Entering winter through early spring, John Orick, Purdue Extension Master Gardener state coordinator, urged homeowners to follow these four tips, with editorial comments following each tip.

  • Remove excessive leaf debris from turf areas. Excessive leaf debris can block the utilization of light and the exchange of gasses during the winter months. While we generally encourage mowing leaves into turf, excessive leaf debris may cause turf loss.
  • Avoid fertilizer and broadleaf herbicide applications once the turf is dormant. Winter dormancy means the plants are not able to utilize nutrients, and many broadleaf herbicides need minimum temperatures of about 50 degrees to be effective.
  • Prepare your mower for spring. Winter is a great time to change the oil, sharpen mower blades, and other normal maintenance tasks. Mowing with sharp mower blades is healthier for turf plants by making a clean cut rather than a ragged one, and it looks nicer. Fresh fuel in spring is best, so run it out of fuel in fall if possible.
  • Avoid walking on turf areas before the frost has melted. Ice crystals inside leaves burst with added pressure and damage plant cell walls. The result will be foot-shaped areas of brown grass blades.

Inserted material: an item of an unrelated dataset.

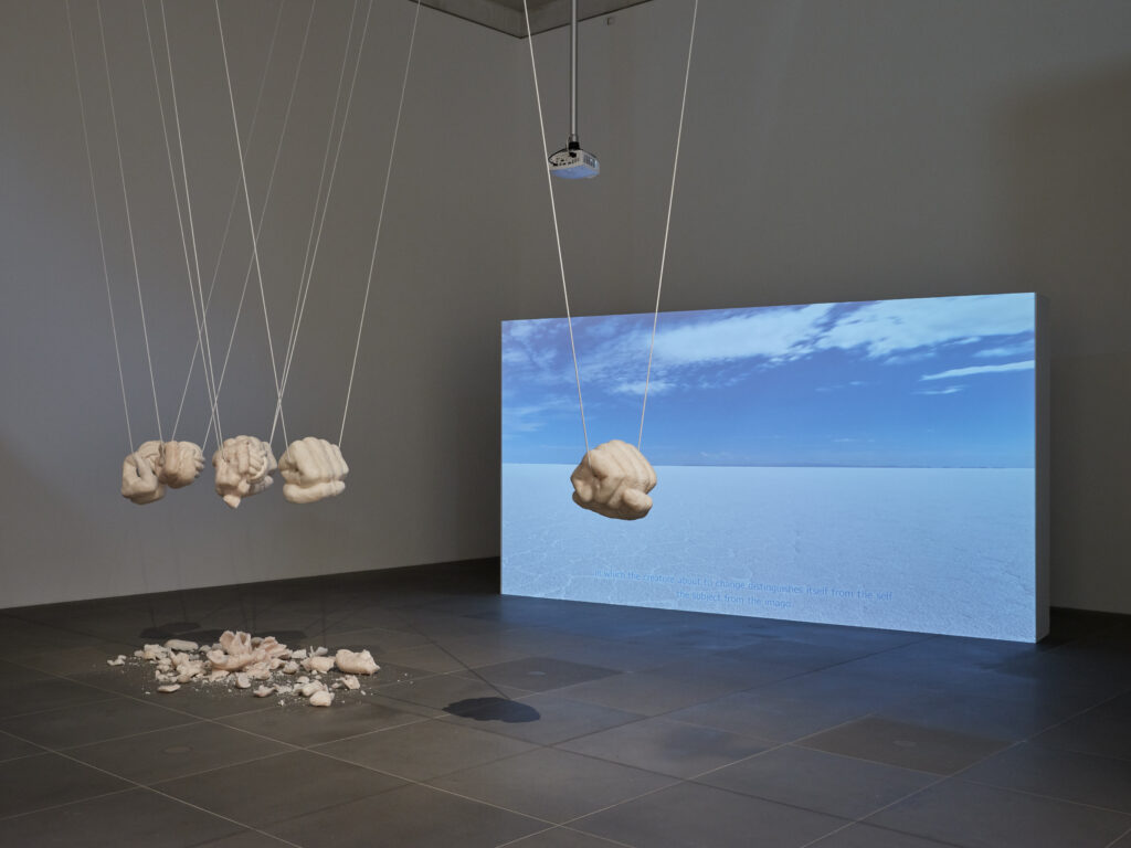 The sculptures made from salt are shaped like double-sided fists. Each contains a ceramic core formed like a knot. The symbol of the fist speaks to change, a revolutionary force and transformation, while the knot inside is unsolvable, infinite, eternal. They form a Newton’s Pendulum – visualizing the conservation of momentum.

Cale Beigelow, Purdue Extension turfgrass specialist, offered some spring mowing tips. “Probably one of the biggest mistakes homeowners make is not starting to mow their lawns soon enough,” he said. “Remember the mowing ‘rule of thumb’ – for optimum turf health ‘try not to remove more than 1/3 of the leaf blade during any one single mowing.’” He said that for a lawn being maintained at 3 inches, you should not be removing more than 1.5 inches of leaf tissue, or mow when the turf reaches 4.5 inches. He adds:

  • Remove any lawn debris prior to mowing (twigs, sticks, leaves, children’s play equipment, etc.)
  • Make sure your mower is tuned up and ready for the season: check the oil, gas, etc.
  • Use sharp blades! Dull blades equal increased turf stress and poor mowing appearance.
  • Generally, it is better to return clippings back to the lawn as they are a significant source of plant nutrients and it takes less time to mow.
  • It does not hurt the turf to mow slightly (1/2 inch) lower than the normal 2.5-3.5 inches for the first mowing or two as this may remove some of the brown dead tissue from the leaf tips. But, don’t scalp your lawn.

Finally, we occasionally see volunteer maple and other tree seedlings growing in lawns in the spring. If they are in a good location, you can stake them and nurture them (or transplant to a desirable location).  If additional trees are not desired, regular mowing is the most effective control method.